- WORK INSTRUCTION -
Every line of the material must be restated exactly, though not its pictures.

- PROVIDED DATA -
• • • •
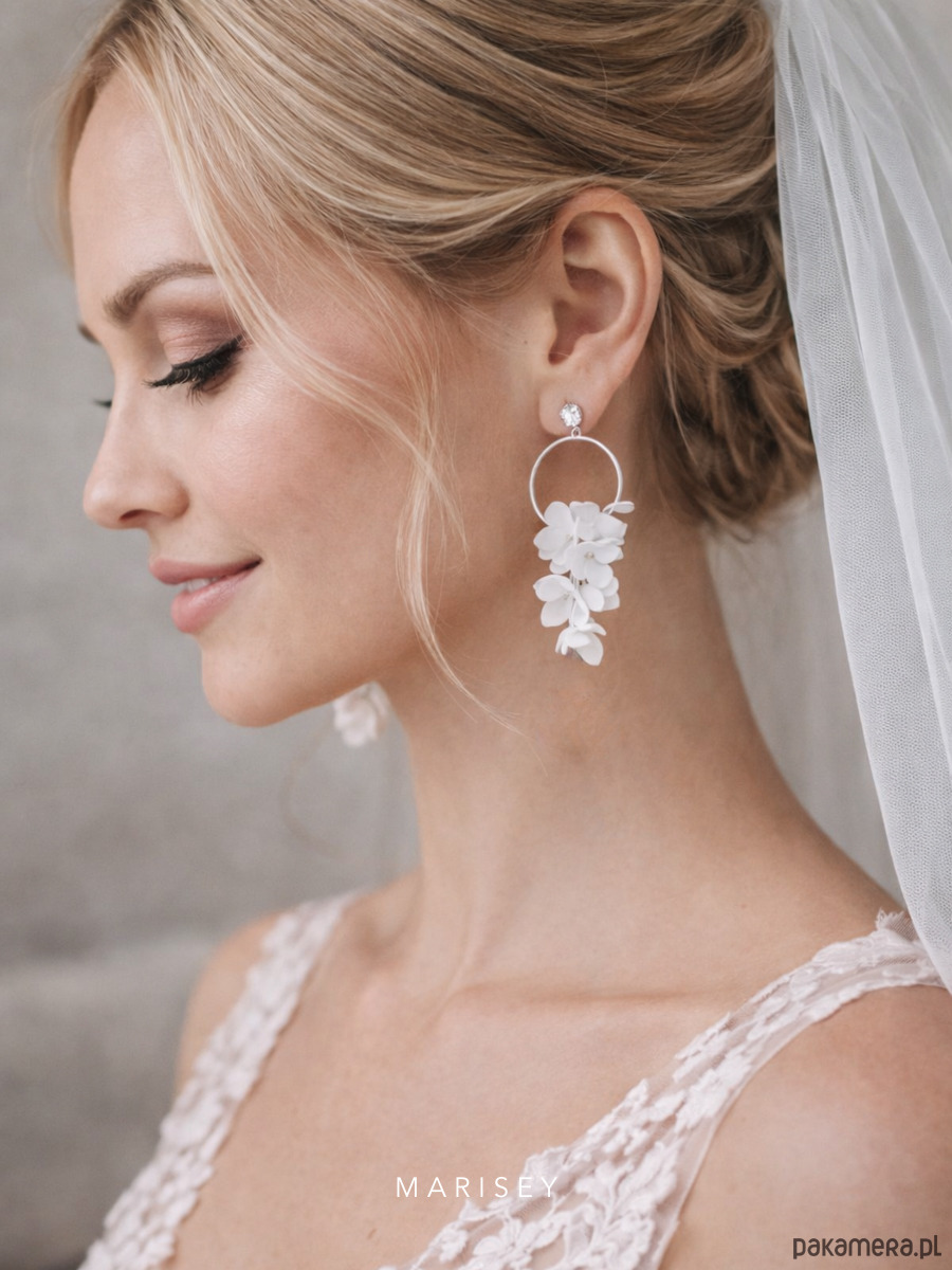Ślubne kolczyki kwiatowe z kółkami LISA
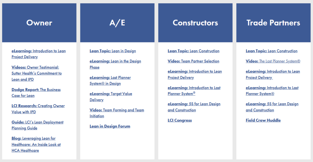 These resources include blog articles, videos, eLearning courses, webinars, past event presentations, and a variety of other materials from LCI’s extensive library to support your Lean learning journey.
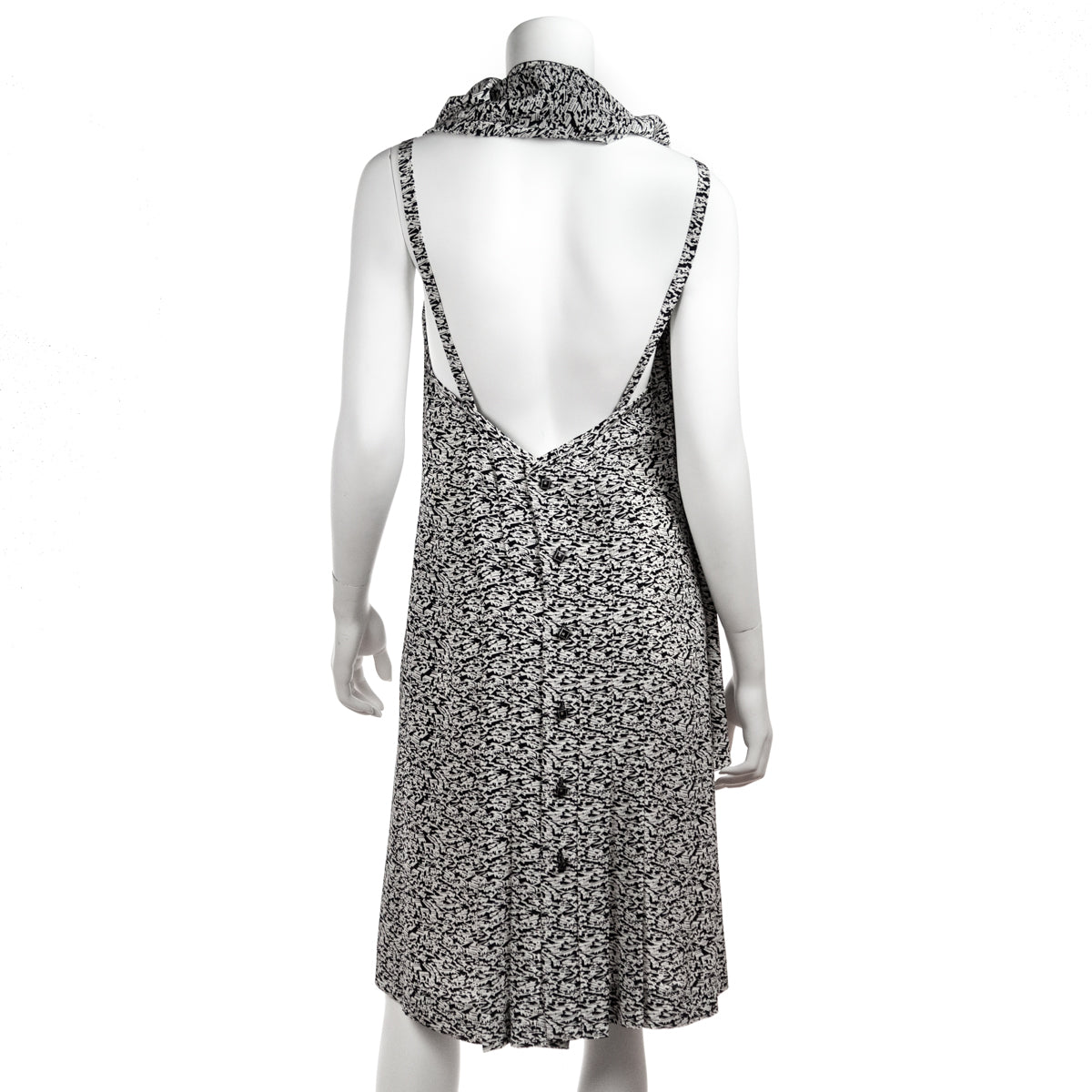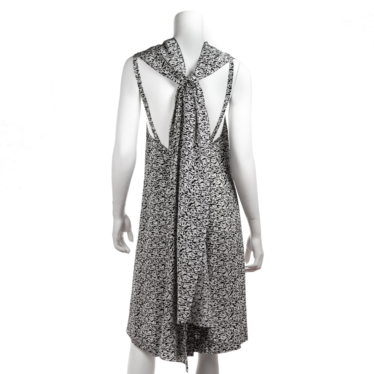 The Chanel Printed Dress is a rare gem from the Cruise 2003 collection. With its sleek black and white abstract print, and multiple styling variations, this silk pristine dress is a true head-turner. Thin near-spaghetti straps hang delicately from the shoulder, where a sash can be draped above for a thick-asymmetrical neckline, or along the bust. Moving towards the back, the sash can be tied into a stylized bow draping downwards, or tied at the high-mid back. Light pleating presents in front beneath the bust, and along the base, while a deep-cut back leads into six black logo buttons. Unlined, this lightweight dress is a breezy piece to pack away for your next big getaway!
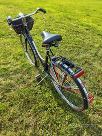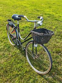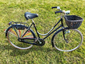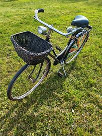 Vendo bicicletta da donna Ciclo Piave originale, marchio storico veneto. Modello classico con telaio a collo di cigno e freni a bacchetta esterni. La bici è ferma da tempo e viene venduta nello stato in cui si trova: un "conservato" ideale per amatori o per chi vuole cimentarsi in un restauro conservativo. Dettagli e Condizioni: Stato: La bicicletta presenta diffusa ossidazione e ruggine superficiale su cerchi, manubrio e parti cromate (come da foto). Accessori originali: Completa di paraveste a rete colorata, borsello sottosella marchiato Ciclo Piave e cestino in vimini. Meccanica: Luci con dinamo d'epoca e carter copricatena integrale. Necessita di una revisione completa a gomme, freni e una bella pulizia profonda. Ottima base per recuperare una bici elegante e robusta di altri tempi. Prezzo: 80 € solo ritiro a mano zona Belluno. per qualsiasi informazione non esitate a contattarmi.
• • • •
- REPLY -
Ślubne kolczyki kwiatowe z kółkami LISA
 These resources include blog articles, videos, eLearning courses, webinars, past event presentations, and a variety of other materials from LCI’s extensive library to support your Lean learning journey.
 The Chanel Printed Dress is a rare gem from the Cruise 2003 collection. With its sleek black and white abstract print, and multiple styling variations, this silk pristine dress is a true head-turner. Thin near-spaghetti straps hang delicately from the shoulder, where a sash can be draped above for a thick-asymmetrical neckline, or along the bust. Moving towards the back, the sash can be tied into a stylized bow draping downwards, or tied at the high-mid back. Light pleating presents in front beneath the bust, and along the base, while a deep-cut back leads into six black logo buttons. Unlined, this lightweight dress is a breezy piece to pack away for your next big getaway!
 Vendo bicicletta da donna Ciclo Piave originale, marchio storico veneto. Modello classico con telaio a collo di cigno e freni a bacchetta esterni. La bici è ferma da tempo e viene venduta nello stato in cui si trova: un "conservato" ideale per amatori o per chi vuole cimentarsi in un restauro conservativo. Dettagli e Condizioni: Stato: La bicicletta presenta diffusa ossidazione e ruggine superficiale su cerchi, manubrio e parti cromate (come da foto). Accessori originali: Completa di paraveste a rete colorata, borsello sottosella marchiato Ciclo Piave e cestino in vimini. Meccanica: Luci con dinamo d'epoca e carter copricatena integrale. Necessita di una revisione completa a gomme, freni e una bella pulizia profonda. Ottima base per recuperare una bici elegante e robusta di altri tempi. Prezzo: 80 € solo ritiro a mano zona Belluno. per qualsiasi informazione non esitate a contattarmi.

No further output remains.